_EXTRACTED MATERIAL_.
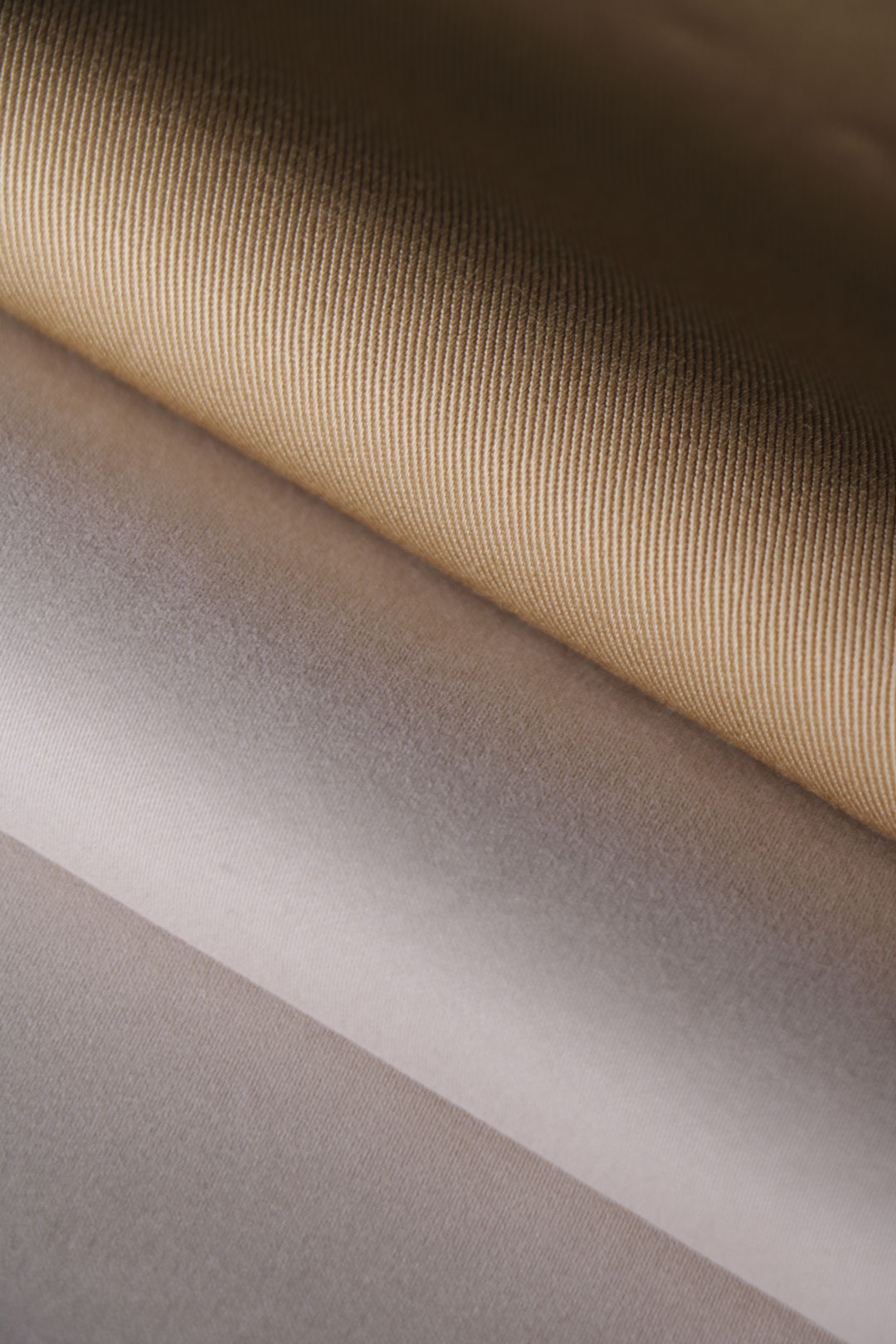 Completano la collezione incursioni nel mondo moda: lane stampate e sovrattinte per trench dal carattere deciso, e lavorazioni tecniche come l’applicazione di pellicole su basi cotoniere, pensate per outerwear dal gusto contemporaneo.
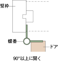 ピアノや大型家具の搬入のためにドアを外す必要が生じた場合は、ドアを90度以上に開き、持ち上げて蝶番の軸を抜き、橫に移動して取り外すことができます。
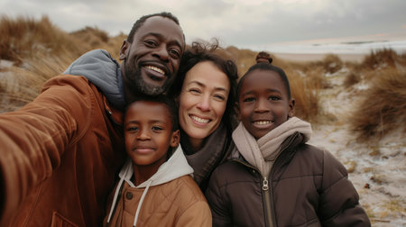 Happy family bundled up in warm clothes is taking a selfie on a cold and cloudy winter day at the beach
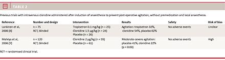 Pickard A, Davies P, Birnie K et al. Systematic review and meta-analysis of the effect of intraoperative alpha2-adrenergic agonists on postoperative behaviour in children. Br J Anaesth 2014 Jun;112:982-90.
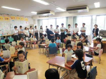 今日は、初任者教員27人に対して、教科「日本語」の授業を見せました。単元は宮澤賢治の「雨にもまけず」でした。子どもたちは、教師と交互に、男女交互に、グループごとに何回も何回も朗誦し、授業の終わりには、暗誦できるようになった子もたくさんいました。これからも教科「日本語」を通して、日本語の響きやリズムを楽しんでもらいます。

_AIM OF THE TASK_. Write out each record exactly as shown, but not its pictures.

_REPLY_.
 Completano la collezione incursioni nel mondo moda: lane stampate e sovrattinte per trench dal carattere deciso, e lavorazioni tecniche come l’applicazione di pellicole su basi cotoniere, pensate per outerwear dal gusto contemporaneo.
 ピアノや大型家具の搬入のためにドアを外す必要が生じた場合は、ドアを90度以上に開き、持ち上げて蝶番の軸を抜き、橫に移動して取り外すことができます。
 Happy family bundled up in warm clothes is taking a selfie on a cold and cloudy winter day at the beach
 Pickard A, Davies P, Birnie K et al. Systematic review and meta-analysis of the effect of intraoperative alpha2-adrenergic agonists on postoperative behaviour in children. Br J Anaesth 2014 Jun;112:982-90.
 今日は、初任者教員27人に対して、教科「日本語」の授業を見せました。単元は宮澤賢治の「雨にもまけず」でした。子どもたちは、教師と交互に、男女交互に、グループごとに何回も何回も朗誦し、授業の終わりには、暗誦できるようになった子もたくさんいました。これからも教科「日本語」を通して、日本語の響きやリズムを楽しんでもらいます。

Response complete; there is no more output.